Opinion



By Freakonomics July 19, 2007, 2:48 pm

The FREAKest Links: Free DVDs and Brazilian Hookers Edition

After Dubner’s questioning of libraries, Folksonomy.com interviews Greg Boesel, co-founder and CEO of Swaptree, a Netflix-esque online trading site for books, DVDs, CDs, and video games — that’s also free of charge.

Via Bloomberg.com: While the athletes have been busy training for the Pan Am Games in Rio De Janeiro (July 13-29), the city’s prostitutes have also been preparing for the estimated 700,000 visitors by waxing, coloring their hair, and getting in shape. Though considering the dissapointing results for German hookers during the World Cup, there’s no guarantee that business will, er, rise to the occasion.

Knowing that we are fans of the sport (yes, sport, thank you very much), reader Bennett Gordon sent us this breakdown of techniques and strategies for winning Rock Paper Scissors.


6 Comments

  1. 1. July 19, 2007 4:09 pm Link

    It’s because the German hookers don’t use Brazilian waxing.

    — discordian
  2. 2. July 19, 2007 4:09 pm Link

    Thinking that Rock Paper Scissors is a sport is like thinking that Boy George is sex.

    — egretman
  3. 3. July 19, 2007 6:25 pm Link

    I am wondering if economists are drawn to RPS, if the knowledge of a zero-sum game of chance can be demystified to hold some deep poetry of the universe. I recently graduated from UNLV and my graduate thesis was in RPS, I kid you not, as was my under-graduate studies at Cal Poly.

    I used Camerer’s Experience Weighted Attraction model (EWA) to study learning behavior in test subjects to see if they learned using an economic model (Bayesian Updating) or if they were responding to a Psychological learning model (Stimulus-Response). This was the most complicated way I could think of to see if people learned as economics believe (via updating the range of possible moves in accordance with optimal play) or like rats in a lab randomly pressing levers. It was a great distraction, but one could hardly call this education and whether all this hard work will translate into a lucrative RPS career remains to be seen.
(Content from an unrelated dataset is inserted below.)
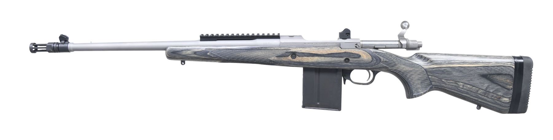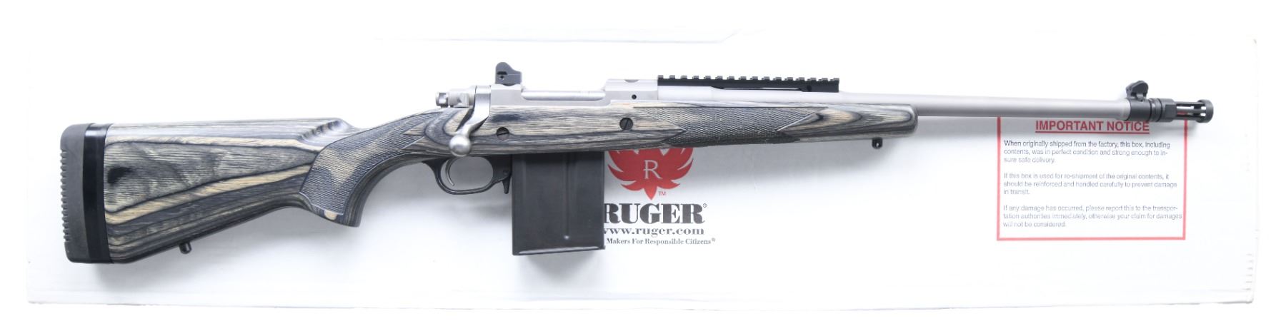 Cal. 308 Win. S# 680-67550. Bbl. 18.7" (20.5" including bird cage flash hider) hammer forged free floating with multiple steps having military style ramped blade front sight with protective ears plus adjustable ghost ring receiver mounted rear sight. Mfg. 2014 (2011 to date) as Model 06822 with catalogue designation of KM77-GS; Ruger's vision of Col. Jeff Cooper's Scout Rifle concept that originated with Cooper and Steyr. Grey and black checkered laminated stock with reinforcement bolts, sling studs, Gunsite logo laser engraved on grip cap and serrated rubber recoil pad adjustable for length of pull with included spacers. Glass reinforced nylon trigger guard assembly for durability. MAGS: 1 AI style factory 10 rd. As Ruger and Col. Cooper say, "the one gun to have if you only have one". UNATTACHED ACCESSORIES: original factory box with packaging to include Ruger scope rings. CONDITION: all aspects near excellent with new, unfired appearance. (25-756/NW). MODERN. $800-1,200.

    It took me an extra year to graduate, since I needed a ton of approval from the human subjects department, and my initial experiment proved inconclusive, so I had to re-run it a couple of times under various conditions.

    My conclusion was that people don’t respond very well unless they are properly motivated, and if you are a grad student trying to motivate under-graduates it helps to pay people up-front to get them to take you seriously.

    I personally find RPS more interesting than Prisoner’s Dilemma and it is about time serious economists took note, so I applaud your effort, sir.

    — tgalvin
  4. 4. July 20, 2007 1:02 am Link

    Yesterday, my 7 year old son, who attends school in Panjim, the capital city of India’s smallest state, introduced me to a new version of “stone, paper, scissors.”

    It’s called “tiger, woman, gun.” I found this indigenization quite amusing.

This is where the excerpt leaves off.